Today in Trinidad the Commonwealth leaders will for the first time in some years discuss whether or not they should allow their delinquent outcast – Robert Mugabe’s Zimbabwe – back into the 53-member club.
That this debate is actually taking place while the 85-year-old Mugabe is still president of the country he has ruined so dramatically is testimony both to the Commonwealth’s ability to forgive and forget and equally to the wily dictator’s instinct for survival. (Mugabe withdrew Zimbabwe’s membership in December 2003, in protest at its continued suspension for rigging the country’s elections.)

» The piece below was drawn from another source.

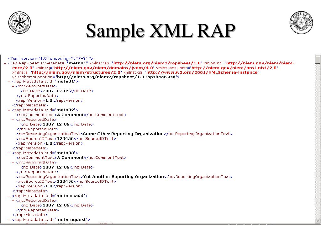 Impact to Criminal Justice Agencies • Text RAP will still exist, but format may change • In the future: • the RAP can be transmitted as an XML document to the local criminal justice agency • Or Not (State will continue to provide a Text Format) • TxDPS will contribute a style sheet to format the RAP XML document as a PDF file.
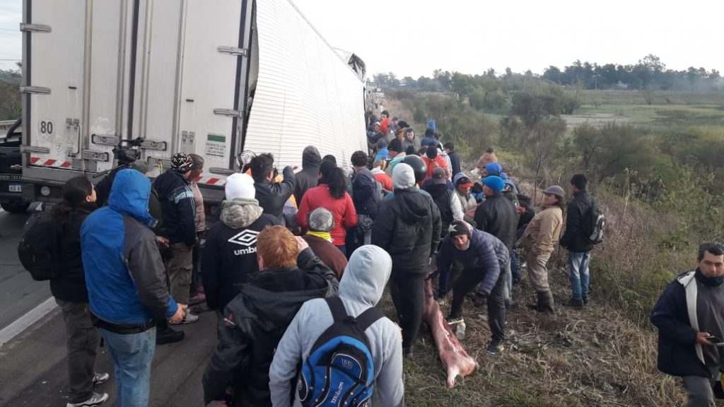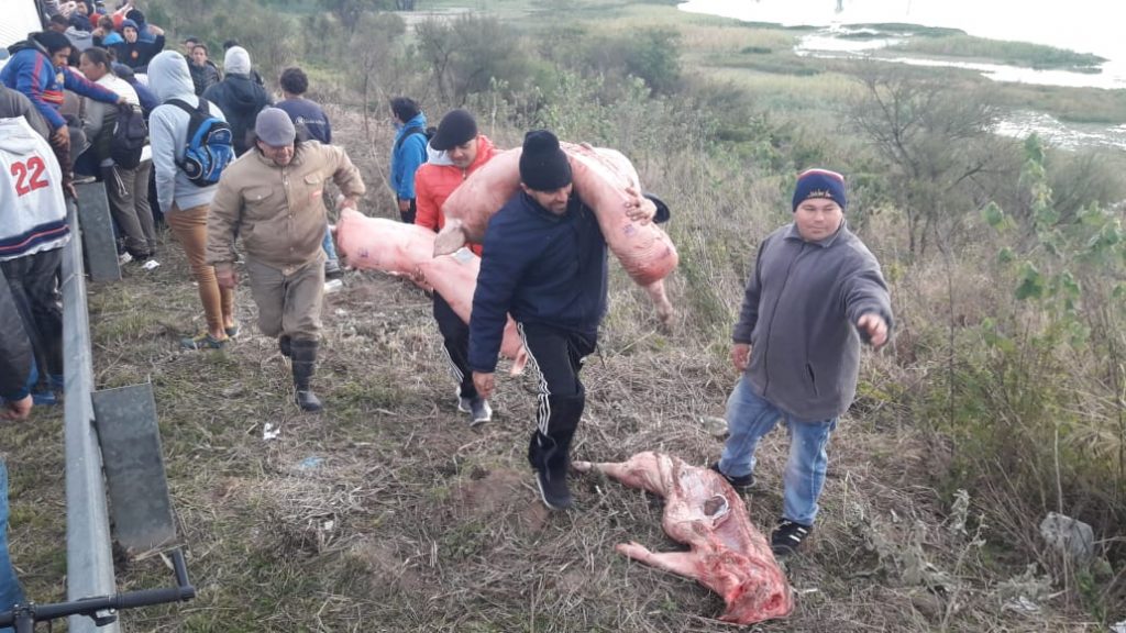 El conductor del camión dijo que llevaba casi 20 mil kilos de carne de cerdo. Además, manifestó que a los 5 minutos muchos vecinos de la zona se acercaron para llevarse las medias reses e, incluso, varios conductores frenaron en medio de la ruta y se llevaron la carne en los vehículos hasta que llegó la Policía Vial a custodiar el vehículo.

Despite setting new standards of tyrannical rule, socio-economic destruction and spectacular accumulation of personal wealth on a continent whose political leaders have cornered the market in such political malfeasance, Mugabe has managed not only to hang onto power but now appears to be a candidate for rehabilitation.

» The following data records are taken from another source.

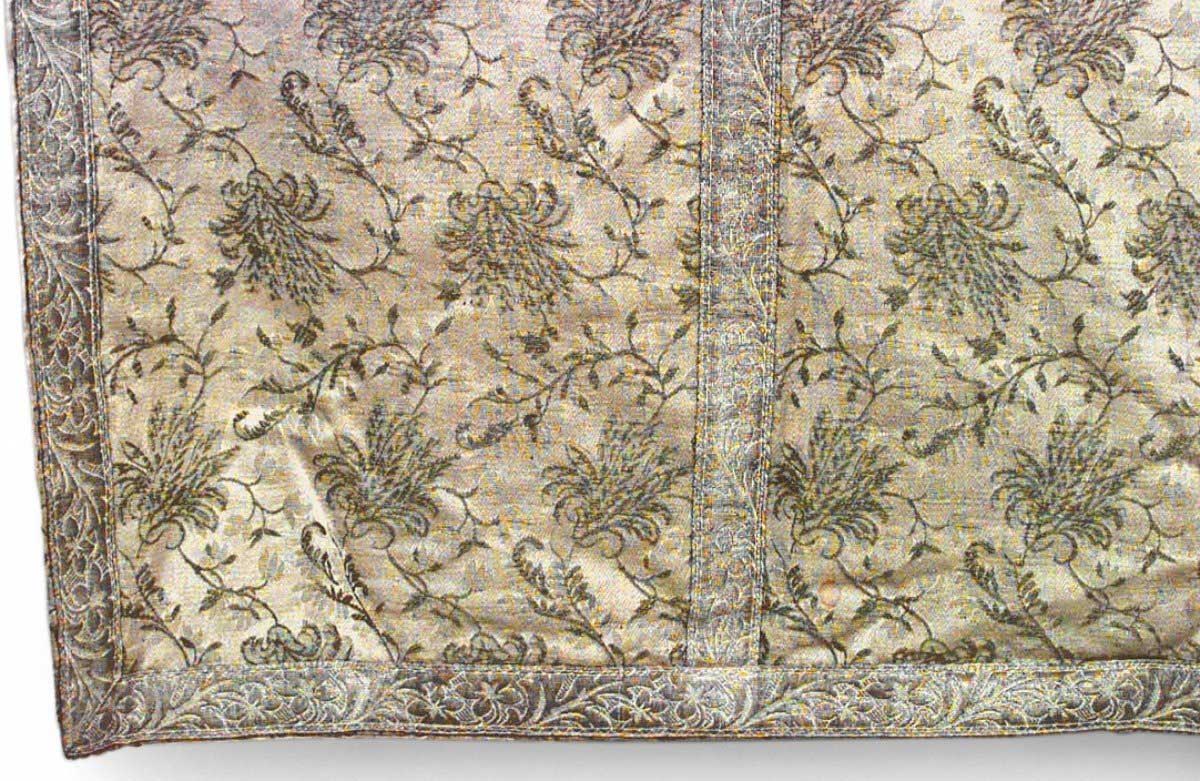 American Victorian green floral design table runner with silver metallic border.
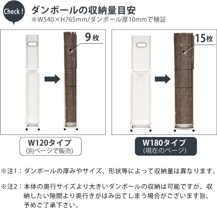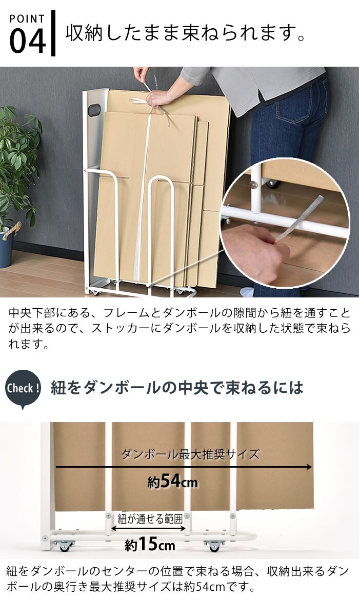 収納量目安 ダンボール最大約15枚収納(W54×H76.5cm/ダンボール厚0.1cmにて検証) ※ダンボールの厚みやサイズ、形状等によって収納量は異なります。 |
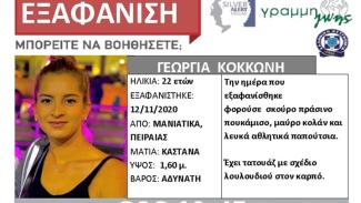 Συναγερμός έχει σημάνει στις αρχές για την εξαφάνιση νεαρής μητέρας. Πρόκειται για τη Γεωργία Κοκκώνη, η οποία αγνοείται από την Πέμπτη 12 Νοεμβρίου από την περιοχή των Μανιάτικων του Πειραιά. Σύμφωνα με το anikolouli.gr η 22χρονη μητέρα κλείδωσε το μωρό της στο σπίτι και άφησε τα κλειδιά στην εξώπορτα, ενώ να σημειωθεί ότι αντιμετωπίζει προβλήματα υγείας.
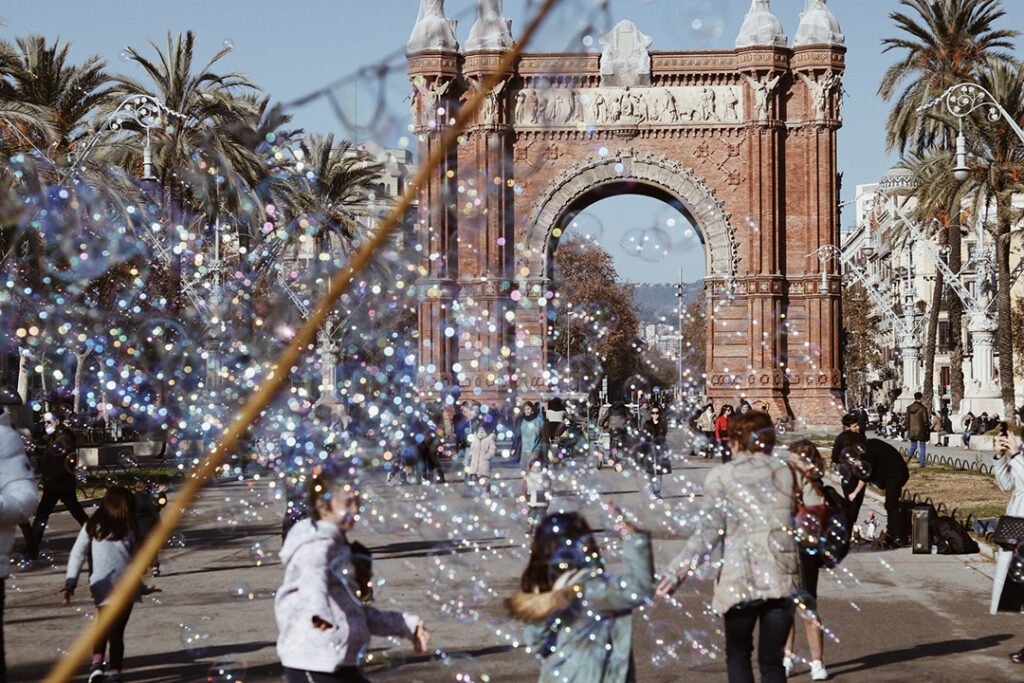 Um dos lugares que mais amamos conhecer foi a região onde fica o Arco do Triunfo. O monumento em si é belíssimo, construído para ser porta de entrada de uma exposição muito importante que aconteceria na época de 1888. Além disso, ele está inserido em um contexto muuuito belo, com uma ampla avenida de 50 metros de largura, com árvores por toda lateral, esculturas, candeeiros, bancos agradáveis para sentar… sem contar os artistas de performances e músicos que estão sempre dando vida a esses locais. Foi um dos dias mais memoráveis da viagem, nunca mais esqueceremos, pois esse local tem uma energia muito contagiante, feliz e lúdica.
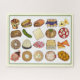 Design features an original illustration of an assortment of popular foods in Jewish cuisine, including: babka, bagel with cream cheese and lox, rugelach, blueberry blintzes, hamantash, reuben sandwich, kosher dill pickle, matzah, spinach knish, shakshuka, everything bagel, coconut macaroon, Israeli salad, kugel, bourekas, beef brisket, latkes with sour cream, matzo ball soup, sufganiyah, and a loaf of challah bread.
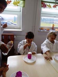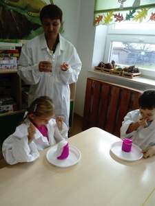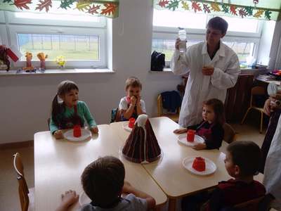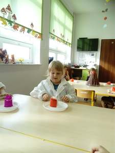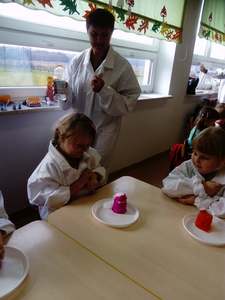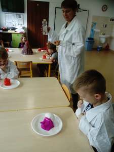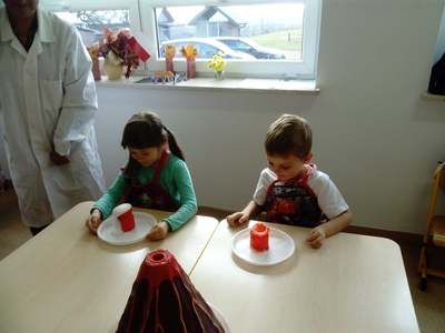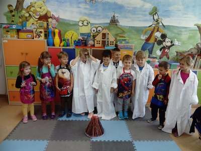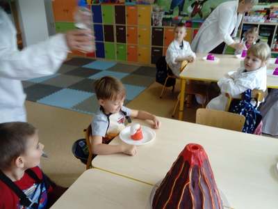 W tym tygodniu nasze przedszkolaki mogły na chwilę stać się prawdziwymi naukowcami, a sala przedszkolna zamieniła się w małe laboratorium. Dzieci dowiedziały się ,czym są doświadczenia chemiczne i każde z nich wykonało mini wulkan.
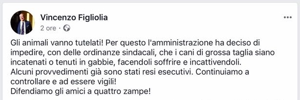 Questo quanto scritto dal Sindaco Vincenzo Figliolia
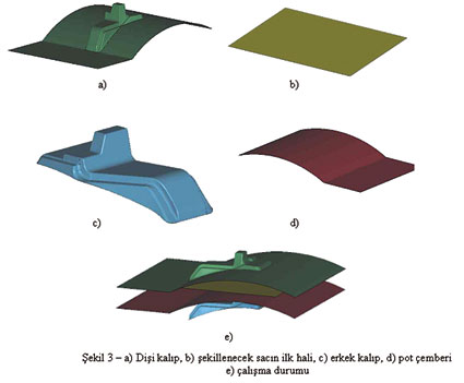 çarpar ve erkek kalıp (Şekil 3c) sacı gererek dişi kalıbın

The Commonwealth caveat is that readmission will be linked to the reforms that Mugabe promised when he signed the so-called Global Political Agreement more than a year ago. The GPA was intended to be a power-sharing agreement that would lead to the completion of a new constitution by August 2010, followed by free and fair elections. Human rights abuses, state control of the media, illegal farm invasions and other undemocratic behaviour that has become the norm under Mugabe’s ZANU-PF regime for the past ten years was also to be abandoned with the forming of a new coalition government.

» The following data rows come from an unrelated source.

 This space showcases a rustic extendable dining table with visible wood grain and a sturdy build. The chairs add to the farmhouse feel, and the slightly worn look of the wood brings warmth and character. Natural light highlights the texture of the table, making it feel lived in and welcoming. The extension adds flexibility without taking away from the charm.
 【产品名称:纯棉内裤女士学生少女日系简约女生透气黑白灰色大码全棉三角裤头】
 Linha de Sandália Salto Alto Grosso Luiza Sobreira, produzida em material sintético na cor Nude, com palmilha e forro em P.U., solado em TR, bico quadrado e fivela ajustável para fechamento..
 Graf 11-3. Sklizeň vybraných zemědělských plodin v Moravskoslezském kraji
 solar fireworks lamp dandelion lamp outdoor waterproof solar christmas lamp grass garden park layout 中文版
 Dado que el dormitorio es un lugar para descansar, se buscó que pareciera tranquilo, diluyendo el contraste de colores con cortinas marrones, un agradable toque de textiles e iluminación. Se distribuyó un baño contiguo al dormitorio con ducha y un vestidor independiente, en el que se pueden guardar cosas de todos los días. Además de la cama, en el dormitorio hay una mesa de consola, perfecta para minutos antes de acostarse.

Although Mugabe reluctantly swore in his old enemy Morgan Tsvangirai as prime minister in February, there have been problems in the coalition government from the outset, and Mugabe’s ongoing autocratic behaviour offered sceptics evidence that he was using Tsvangirai and the illusion of power-sharing as a way of re-establishing himself on the world stage as an elder statesman rather than his current status of power-mad pariah. Insiders say that the travel sanctions imposed by the EU on Mugabe and many of his inner circle are a key factor in his show of democratisation. "Mugabe and his wife want to go shopping in Bond Street and the Rue Faubourg again. It’s as simple as that," said one insider this week.